*** SOURCE MATERIAL ***

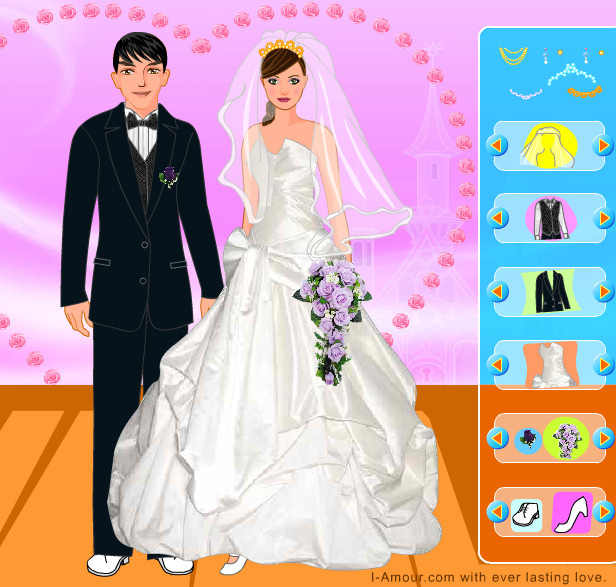 En este juego podrás vestir a los novios con diversos estilo de ropa. Podrás vestir a la novia y al novio por separado, empezando por el velo, gasa o tul de la novia, y luego escogiendo el estilo de ropa para el novio. Tienes mucho fracs, chalecos, trajes elegantes y de boda, camisas y pantalones. Siguiendo con la novia, puedes escoger un traje de novia largo y bonito, el adorno de flores para la novia y un adorno para el novio en forma de flor.
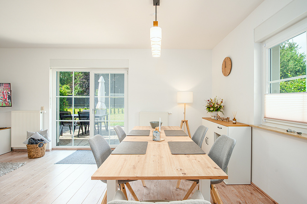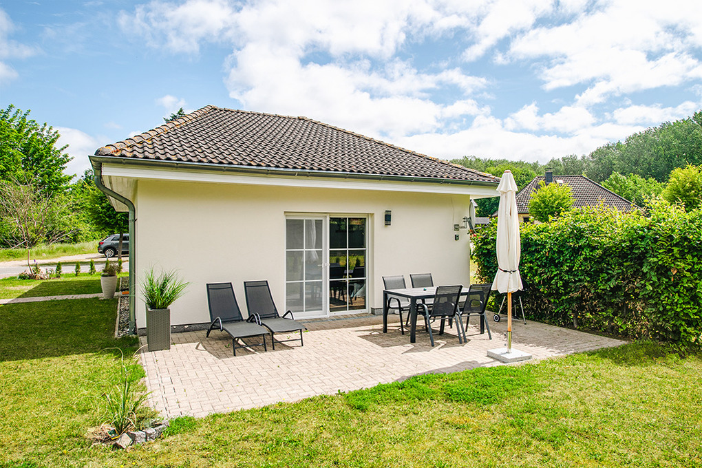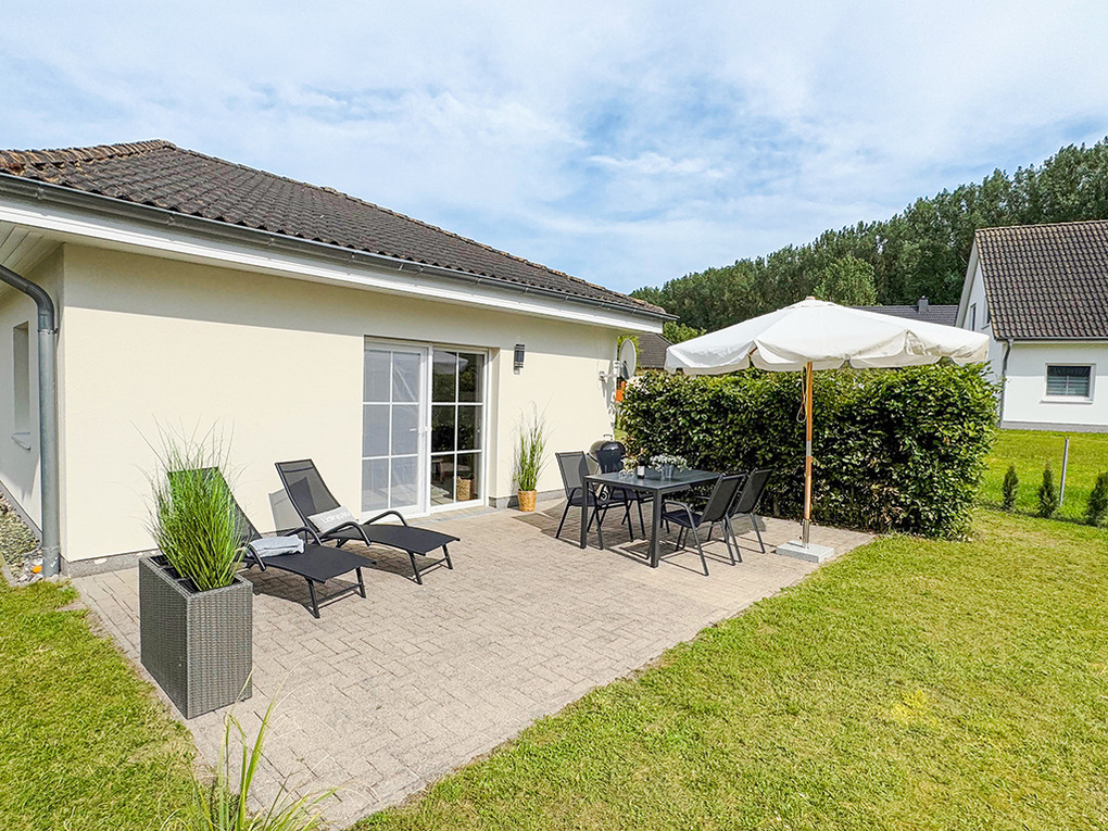 Haus: Modernes Ferienhaus in ansprechender Bauweise. Geschmackvolle Einrichtung mit gemütlichem Ambiente. Kostenloser Internetzugang über W-Lan. Zentralheizung. Nichtraucherhaus. Terrasse mit Sitzmöbeln, Sonnenliegen, anschließender Rasenfläche. 1 Pkw-Stellplatz am Haus.
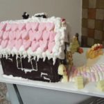 - Ho usato un vassoio per torte in plastica bianco, e ricoperto di glassa bianca e poi ho messo su i vari pezzi.
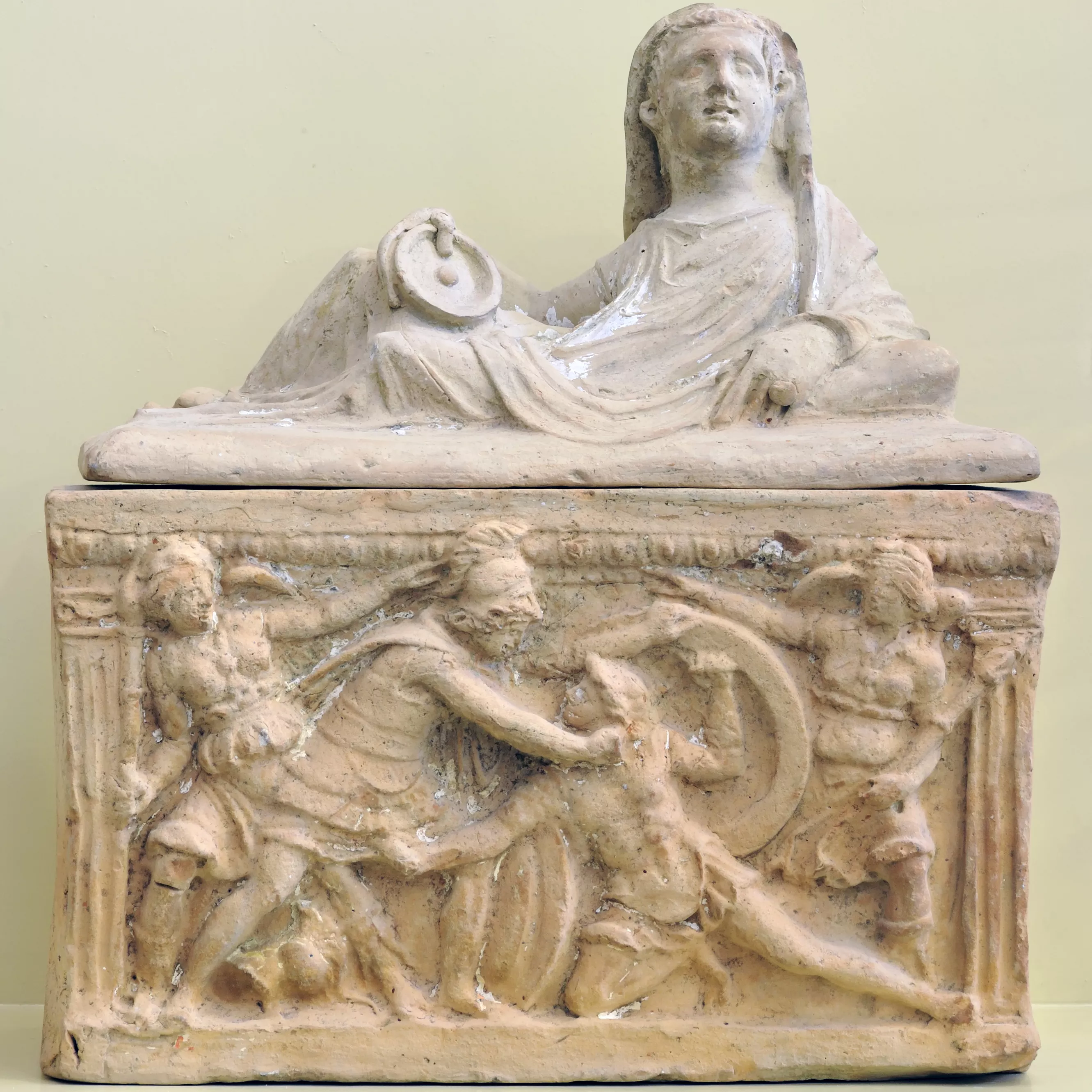 Urne funéraire de terre cuite avec le combat fratricide d'Etéocle et de Polynice en présence de deux démons féminins, Vanths
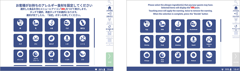 食物アレルギーや食事規定などの理由から、除外したい食材を設定すると、メニュー画面にアイコンが表示されます。
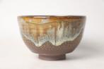 - Bol à thé Chikuzen Takatori-yaki avec décoration émailléeTasse à thé takatori-yaki originale du four housen, japon, en bon état, céramique avec glaçure extérieure ambre-brun et coulures bleu-blanc, motif orange de points sur un fond brun foncé, intérieur no

*** End of SOURCE MATERIAL ***

* [ABOUT THIS TASK]: Your answer must contain the full data, repeated exactly, without pictures.

* [SOLVED EXERCISE]:
 En este juego podrás vestir a los novios con diversos estilo de ropa. Podrás vestir a la novia y al novio por separado, empezando por el velo, gasa o tul de la novia, y luego escogiendo el estilo de ropa para el novio. Tienes mucho fracs, chalecos, trajes elegantes y de boda, camisas y pantalones. Siguiendo con la novia, puedes escoger un traje de novia largo y bonito, el adorno de flores para la novia y un adorno para el novio en forma de flor.
 Haus: Modernes Ferienhaus in ansprechender Bauweise. Geschmackvolle Einrichtung mit gemütlichem Ambiente. Kostenloser Internetzugang über W-Lan. Zentralheizung. Nichtraucherhaus. Terrasse mit Sitzmöbeln, Sonnenliegen, anschließender Rasenfläche. 1 Pkw-Stellplatz am Haus.
 - Ho usato un vassoio per torte in plastica bianco, e ricoperto di glassa bianca e poi ho messo su i vari pezzi.
 Urne funéraire de terre cuite avec le combat fratricide d'Etéocle et de Polynice en présence de deux démons féminins, Vanths
 食物アレルギーや食事規定などの理由から、除外したい食材を設定すると、メニュー画面にアイコンが表示されます。
 - Bol à thé Chikuzen Takatori-yaki avec décoration émailléeTasse à thé takatori-yaki originale du four housen, japon, en bon état, céramique avec glaçure extérieure ambre-brun et coulures bleu-blanc, motif orange de points sur un fond brun foncé, intérieur no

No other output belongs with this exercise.